Prep Time 15 minutes
Cook Time 30 minutes
Total Time 45 minutes
Servings: 4 servings
Course: Main Course
Cuisine: American
Calories: 350

Ingredients
  

For the Oatmeal Base
  • 2 cups old-fashioned rolled oats gluten-free if needed
  • 4 cups low-sodium vegetable broth or water for a lighter option
  • 1 teaspoon salt adjust to taste
For the Toppings
  • 1 cup chopped spinach or kale, fresh or frozen
  • 1 cup cherry tomatoes halved
  • 1 cup cooked chickpeas drained and rinsed
  • 4 large eggs poached or fried
  • 1/4 cup feta cheese crumbled
  • 2 tablespoons olive oil for drizzling
  • 1 teaspoon black pepper freshly ground
  • 1 tablespoon fresh parsley chopped for garnish

Method
 

Prepare the Oatmeal
  1. In a medium saucepan, bring the vegetable broth to a boil. Add the rolled oats and salt, stirring to combine.
  2. Reduce the heat to low and simmer for about 10-15 minutes, or until the oats are tender and the mixture has thickened to your desired consistency.
Cook the Toppings
  1. While the oats are cooking, heat a skillet over medium heat.

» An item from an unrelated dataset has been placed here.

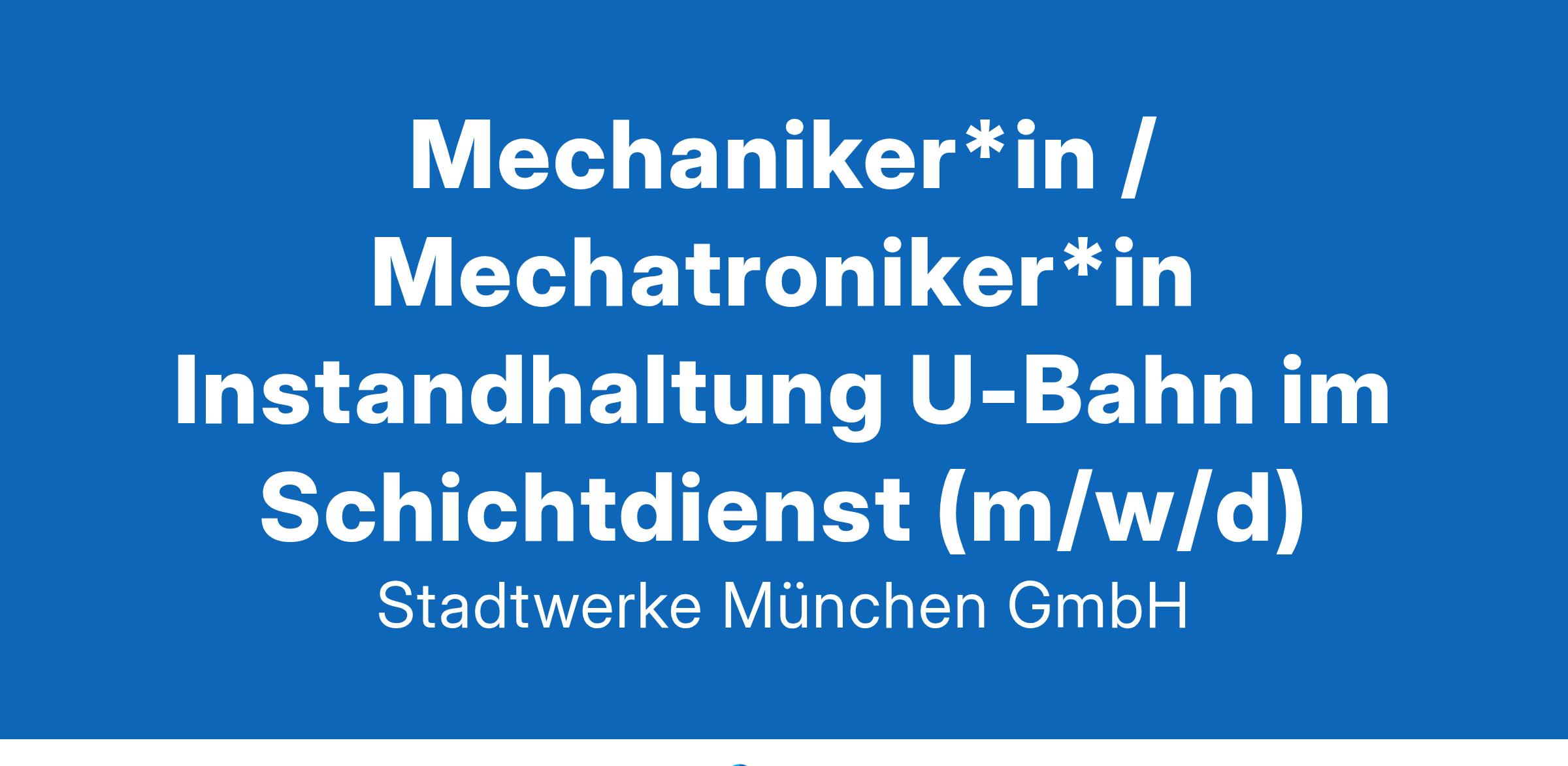 Mechaniker*in / Mechatroniker*in Instandhaltung U-Bahn im Schichtdienst (m/w/d) Jetzt bewerben » Tätigkeitsbereich Wartung, Revision und Reparatur | U-Bahnfahrzeuge UnternehmenStadtwerke München GmbH Standort München VertragsartVollzeit Auf einen Blick Unser Instandhaltungs-Team aus ca. 75 Kollegen*innen für die U-Bahn in der technischen Basis in Fröttmaning sorgen mit ihrem technischen Fachwissen dafür, dass unsere 200 U-Bahnen störungsfrei und sicher im Streckennetz unterwegs sind. Im 2-Schichtbetrieb (Früh- und Spätschicht ohne Nachtschicht) von Montag bis Sonntag führen wir komplizierte Fehlersuchen bis hin zur einfachen Wartungstätigkeit durch. Bei uns wartet ein abwechslungsreiches Aufgabengebiet mit Tätigkeiten an unseren verschiedenen Fahrzeugtypen – mit der ganzen Bandbreite der Technik von 1970 bis heute - auf Sie. Sie haben noch nicht an U-Bahnfahrzeugen gearbeitet? Gar kein Problem! Mit unserer Erfahrung bringen wir Ihnen das notwendige Handwerkszeug für diese Position bei und freuen uns auf Ihre Bewerbung. Wir legen großen Wert auf Diversität und Chancengleichheit — erfahren Sie hier mehr über unsere kulturfördernden Initiativen. Das können Sie bei uns bewegen

Add the chopped spinach and cherry tomatoes, sautéing for about 5 minutes until the spinach is wilted and tomatoes are slightly blistered.
  2. In a separate pan, cook the eggs to your liking (poached or fried) until the whites are set but the yolks remain runny.
Assemble the Bowl
  1. Once the oatmeal is ready, divide it among four bowls.
  2. Top each bowl with sautéed spinach and tomatoes, cooked chickpeas, and a cooked egg.
  3. Sprinkle with feta cheese, drizzle with olive oil, and season with black pepper and fresh parsley.
  4. Serve immediately and enjoy your savory oatmeal bowl!

Notes

Feel free to customize your oatmeal bowl with different vegetables, proteins, or spices. Avocado, sautéed mushrooms, or even a splash of hot sauce can add additional flavor. This recipe is also great for meal prep; simply store the components separately and assemble when ready to eat.